Microsoft has unveiled a new cryptographic microcontroller today as part of its Project Olympus cloud hardware initiative. The unit was created as an open-sourced industry standard for platform security, developed in conjunction with the Open Compute Project community.
Dubbed Project Cerberus, the NIST 800-193 compliant microcontroller "intercepts accesses from the host to flash over the SPI bus (where firmware is stored), so it can continuously measure and attest these accesses to ensure firmware integrity and hence protect against unauthorized access and malicious updates," Azure Hardware Infrastructure GM Kushagra Vaid said in a post on its Azure cloud blog.
This helps cloud-based server firmware by eliminating the threat of:
- Malicious insiders with administrative privilege or access to hardware
- Hackers and malware that exploit bugs in the operating system, application, or hypervisor
- Supply chain attacks (manufacturing, assembly, in-transit)
- Compromised firmware binaries
Vaid said that Microsoft is working with Intel on the best model implementations.

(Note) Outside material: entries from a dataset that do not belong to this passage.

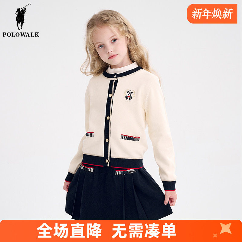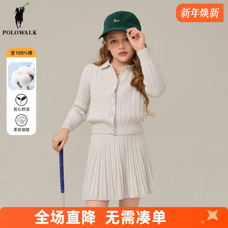 POLOWALK童装 女童长袖套装针织衫裙儿童两件套2025秋冬装短裙子
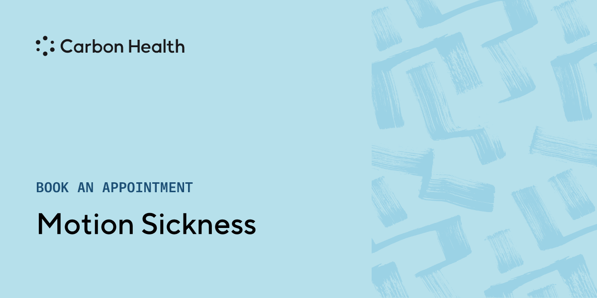 Motion sickness is when a person feels ill or dizzy while in movement. Riding in vehicles like cars, boats, and planes often trigger this condition. Motion sickness is common and will go away on its own, but talk to a nearby Carbon Health about options like medication if you need relief.
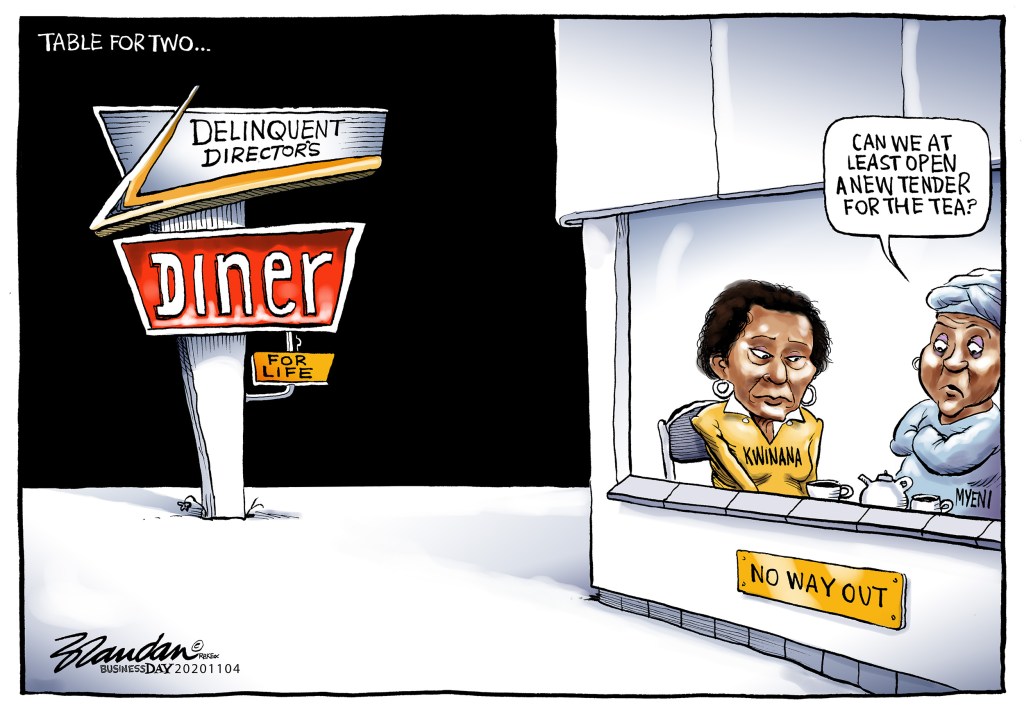 Business Day, Thursday 5 November 2020 Posted on November 5, 2020 by Brandan Reynolds Reply Former SAA chair and Zuma leuitenant Dudu Myeni refuses to answer questions form the Zondo Commission of Inquiry… Share this: Click to share on Facebook (Opens in new window) Facebook Click to share on X (Opens in new window) X Click to email a link to a friend (Opens in new window) Email Like Loading...
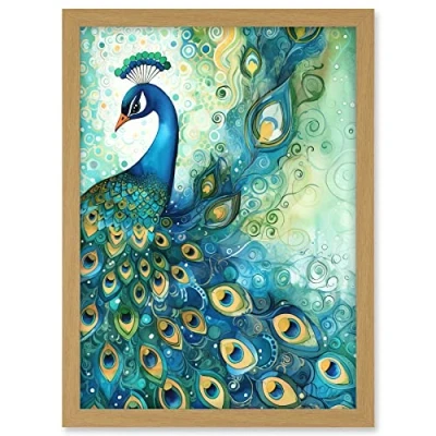 Artery8 Peacock Bird Concept Folk Art Watercolour Painting Artwork Framed A3 Wall Print
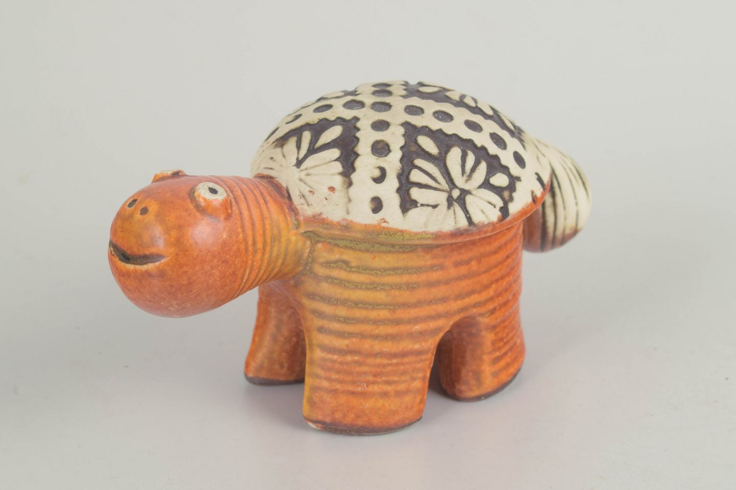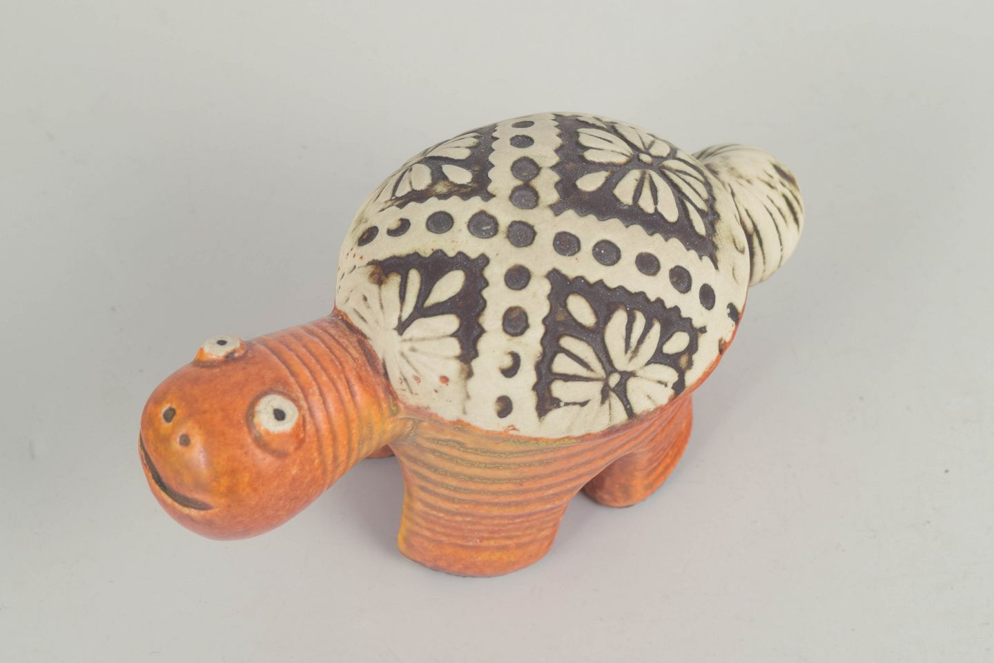 Stylised stoneware turtle with a compact, almost architectural body and short, sturdy legs. Finished with a warm orange-brown glaze to the body and a contrasting shell decorated with graphic floral and dot motifs in black and off-white. A characteristic example of Lisa Larson’s figurative design from the 1970s, combining humour, simplicity, and strong decorative presence.

The company has released an initial draft of the specs on Project Cerberus to the OCP community, encompassing motherboard firmware (UEFI BIOS, BMC, Options ROMs). The company hopes that through community effort, it can be expanded to cover all peripheral input/output cover components such as HDD, SSD, NIC, FPGA, and GPU.
Microsoft spends about $1 billion a year on cybersecurity, Vaid said. The goal is to make Azure as safe and trusted as possible, and Project Cerberus is the next step in the process with OCP, which it joined in 2014.